To improve patient convenience and reduce costs, various physiological signals have been studied to diagnose SAS instead of PSG, wherein respiratory signals are the signals most directly related to respiratory dynamics. The existing SAS detection method based on the breathing signals is divided into a traditional machine learning analysis method and a deep neural network model analysis method. The traditional machine learning analysis method relies on a large number of manually set feature engineering, the deep neural network model can automatically extract the features of signals, but the existing deep neural network model is mainly based on a convolutional neural network and a cyclic neural network, the spatial features of a time domain are extracted through the convolutional neural network, the time features of the time domain are extracted through the cyclic neural network, the frequency domain features of respiratory signals cannot be effectively utilized, the frequency domain features of the respiratory signals and the dependency relationship among different respiratory signals are difficult to capture, and the detection effect of sleep apnea syndrome is limited to a certain extent, for example, the method comprises the following steps:

after simple concatenation of the different respiratory signals, a model containing six convolutions, three max pooling layers and one fully connected layer was input for sleep apnea syndrome detection (R.Haidar, S.McCloskey, I.Koprinska and b.jeffries, "Convolutional Neural Networks on Multiple Respiratory Channels to Detect Hypopnea and Obstructive Apnea Events,"2018International Joint Conference on Neural Networks (IJCNN), rio de Janeiro, brazil,2018, pp.1-7, doi: 10.1109/ijcnn.2018.8489248.). The disadvantage of this method is that: only the time domain features of the respiratory signals are extracted, and the relation between different respiratory signals is not considered, so that the method has great limitation.

Disclosure of Invention

The invention aims to provide a sleep apnea syndrome detection method based on multi-level feature fusion, which mainly solves the problems of insufficient feature extraction capability and limited detection effect of the existing method. The method can effectively extract the time-frequency domain characteristics of different respiratory signals and the potential dependency relationship among different respiratory signals, is helpful for detecting sleep apnea syndrome, and improves the detection effect of the sleep apnea syndrome.

The invention is realized at least by one of the following technical schemes.
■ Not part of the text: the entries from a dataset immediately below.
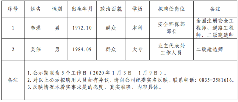 雅安交建集團(tuán)項(xiàng)目管理有限公司擬聘用人員公示
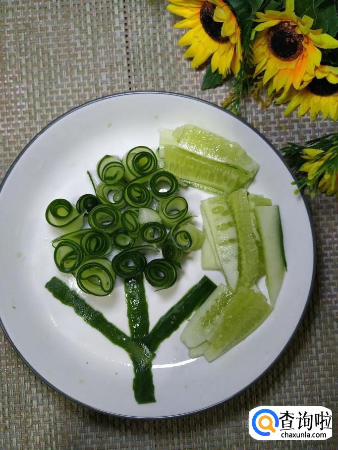 全部卷好之后,放在盘中,然后用黄瓜皮做成树的枝干,多余的黄瓜切成条,放入盘中,摆放整齐。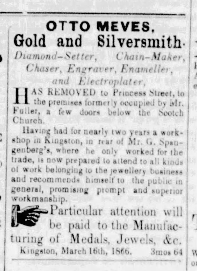 I’m looking for any information on otto meeves from, I believe montreal quebec in the eighteen sixties. I own a lovely, large silver pendant of a dove of peace that he made. But i’ve only been able to see flatware that he produced nothing like this.I would also like more information on the silversmith, if possible. This pendant is large, almost two and a quarter inches across.And weighs just under two ounces. Thank you in advance.
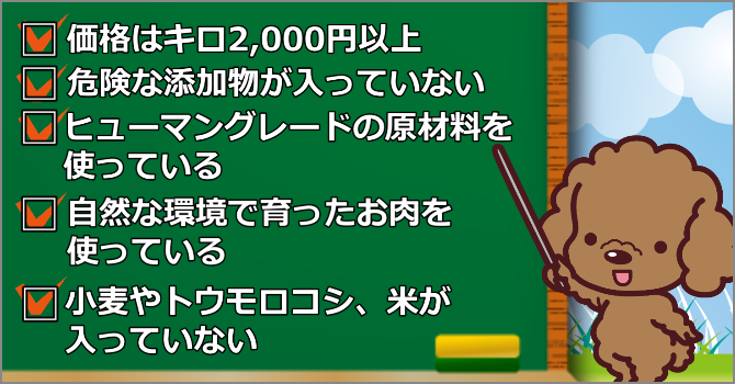 結果的には最低でも、1kgあたり2,000円以上するドックフードじゃないと、わが子の口にいれても良い!と思える品質ではありませんでした。
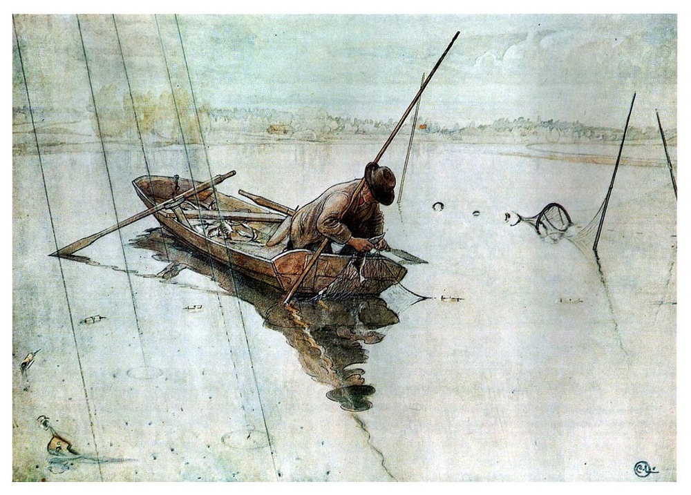 We offer you a handcrafted reproduction on canvas of the famous artwork 'Fishing' by Carl Larsson, from the Reproduction Museum.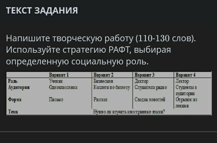 Напишите творческую работу 110 130 слов Используйте стратегию роста выбирая определенную социальную роль первый вариант ученик Одноклассник письмо второй вариант бизнесмен коллеги по бизнесу рассказ третий вариант директора слушать радио Свобода новостей вариант 4 Лектор студенты в аудио открытки из лекции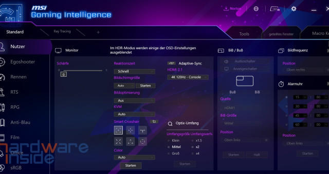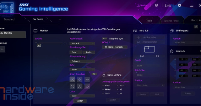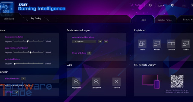 Auch beim MSI Optix MPG321UR-QD gibt es mehrere Möglichkeiten der Steuerung und Anpassung. Die wohl wichtigste Software zum Betrieb des Monitors ist „MSI Gaming Intelligence“. Die Software ist verschachtelt, aber trotzdem noch intuitiv zu bedienen. Nach dem Start gelangen wir in den Reiter „Standard“. Hier sehen wir links 12 Profile, die jeweils einem bestimmten Szenario bzw. Spielegenre zugeordnet sind. Hier lassen sich sehr viele Einstellungen vornehmen, die sonst umständlich über das OSD gemacht werden müssten. Es lässt sich auch ein Profil mit eigenen Einstellungen anfertigen. Weiter finden wir auch einen QR-Code, der uns dabei hilft, die App zur Steuerung des Monitors via Smartphone zu steuern. Was uns allerdings stört, ist die Tatsache, dass die MSI Gaming Intelligence uns bei jedem Windows-Start dazu auffordert, dass wir doch eine Sicherheitssuite von Norton installieren möchten.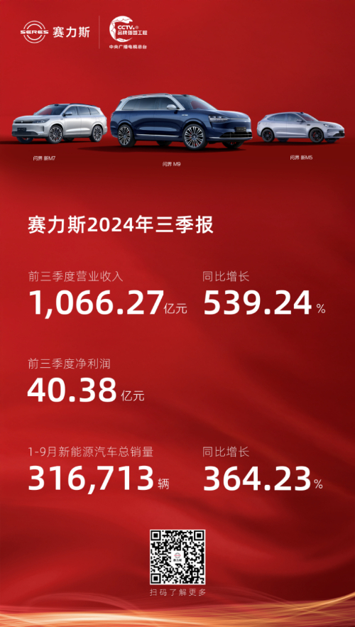 10月30日,赛力斯(601127.SH)发布2024年三季报,前三季营收1066.27亿元,同比大增539.24%;归属于上市公司股东的净利润40.38亿元。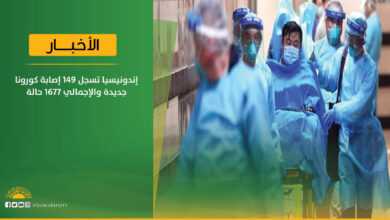 ارتفاع حالات الإصابة بفيروس كورونا بإندونيسيا قال مسؤول بوزارة الصحة إن إندونيسيا سجلت 149 حالة إصابة جديدة بفيروس كورونا المستجد،…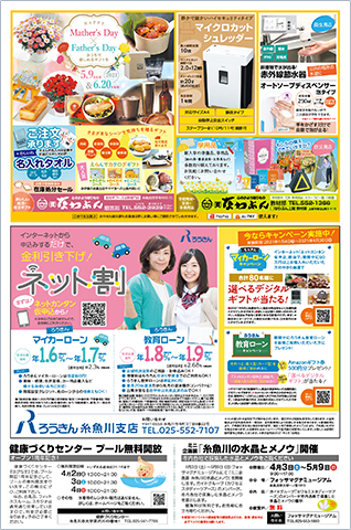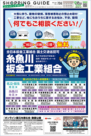 ショッピングガイドは毎月1~2回発行している糸魚川地域の合同広告紙です。デザイン・印刷・折込料金がセットになったわかりやすい料金で、地域の情報紙として長年親しまれています。単独の折込チラシより安価なことが最大のメリットですが、クオリティは単独チラシと変わらない、地域一番のデザインで、一つひとつの広告を仕上げています。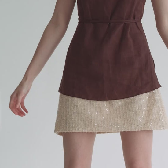 A compact burst of texture and shine. The Lucent Mini Skirt is crafted from open-weave 100% cotton, intricately embroidered with tonal champagne sequins for a soft, glistening finish. The tactile surface and quiet shimmer give it the richness of a collectible piece.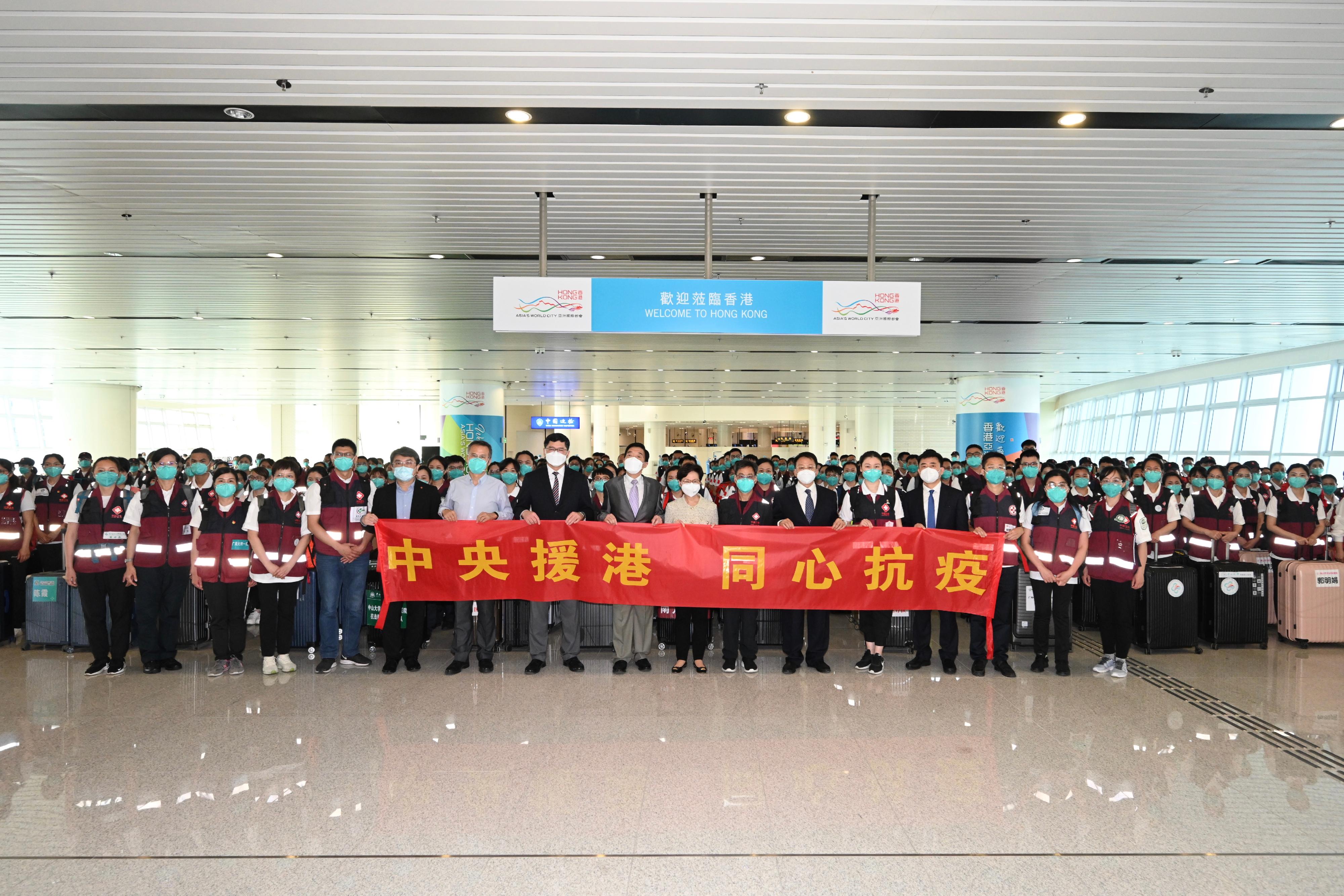 中央按特區政府請求,安排內地醫療隊來港支援治療新冠病人。醫療隊由不同專業的內地醫護人員組成,他們加入醫管局團隊后,可令亞博館社區治療設施照顧更大量病征輕微至中等的長者和其他病人。

A sleep apnea syndrome detection method based on multi-level feature fusion comprises the following steps:

s1, acquiring different respiratory signal data of a human body to be detected, and preprocessing to obtain preprocessed data;

s2, inputting the preprocessed data into a TF-Res2Net module to acquire spatial features of different scales of a time domain and a frequency domain of the respiratory signal;

s3, inputting the time-frequency domain characteristics of the respiratory signals into a Mixed attention module (Mixed-Attn-Block) so as to obtain the correlation characteristics inside different respiratory signals and the cross characteristics among different respiratory signals;

s4, connecting the correlation characteristics in different respiratory signals with the cross characteristics among different respiratory signals, inputting the connection characteristics into the self-adaptive fusion module, and outputting a detection result of sleep apnea syndrome through a full-connection layer with an activation function of Softmax.
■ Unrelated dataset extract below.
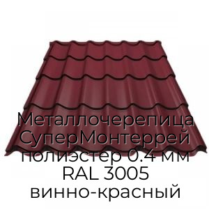 - Металлочерепица СуперМонтеррей полиэстер 0.4 мм RAL 3005 винно-красный N4242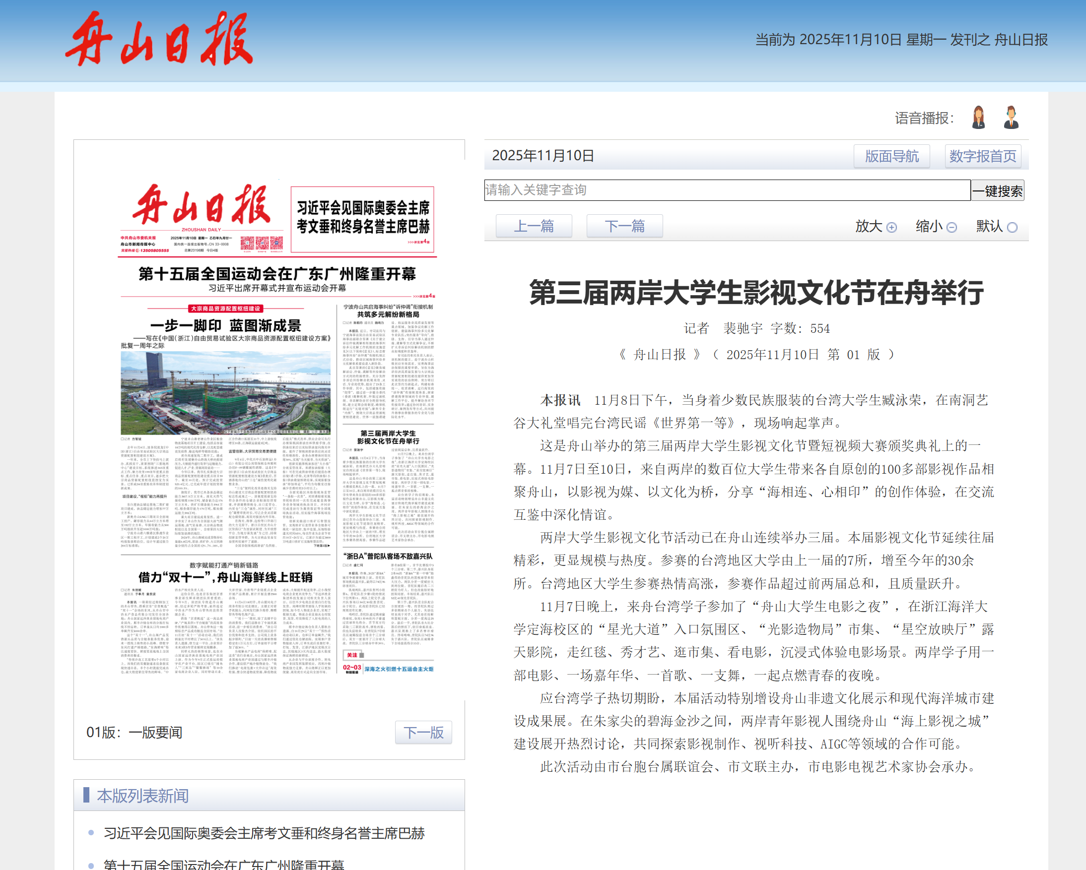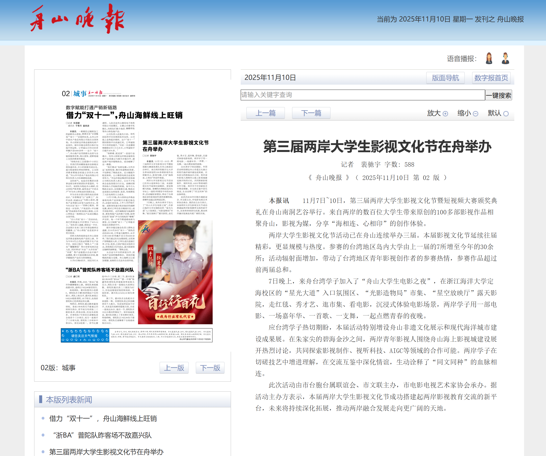 本报讯11月8日下午,当身着少数民族服装的台湾大学生臧泳荣,在南洞艺谷大礼堂唱完台湾民谣《世界第一等》,现场响起掌声。这是舟山举办的第三届两岸大学生影视文化节暨短视频大赛颁奖典礼上的一幕。11月7日至10日,来自两岸的数百位大学生带来各自原创的100多部影视作品相聚舟山,以影视为媒、以文化为桥,分享“海相连、心相印”的创作体验,在交流互鉴中深化情谊。两岸大学生影视文化节活动已在舟山连续举办三届。本届影视文...

Further, in step S1, the different respiratory signals of the human body include a thoracic activity signal, i.e. a first respiratory signal, an abdominal activity signal, i.e. a second respiratory signal, and an oronasal respiratory airflow, i.e. a third respiratory signal.

Further, in step S1, the data preprocessing step includes:

performing z-score normalization on different respiratory signals of a human body;

uniformly dividing different respiratory signals of the standardized human body into non-overlapping fragments with the length of more than or equal to 10 seconds;

the respiratory signal segment is marked with sleep apnea category, if the segment has hypopnea event, obstructive sleep apnea event or central sleep apnea event more than 10 seconds, the segment is marked as hypopnea, obstructive sleep apnea or central sleep apnea respectively; otherwise, the fragment is marked as normal.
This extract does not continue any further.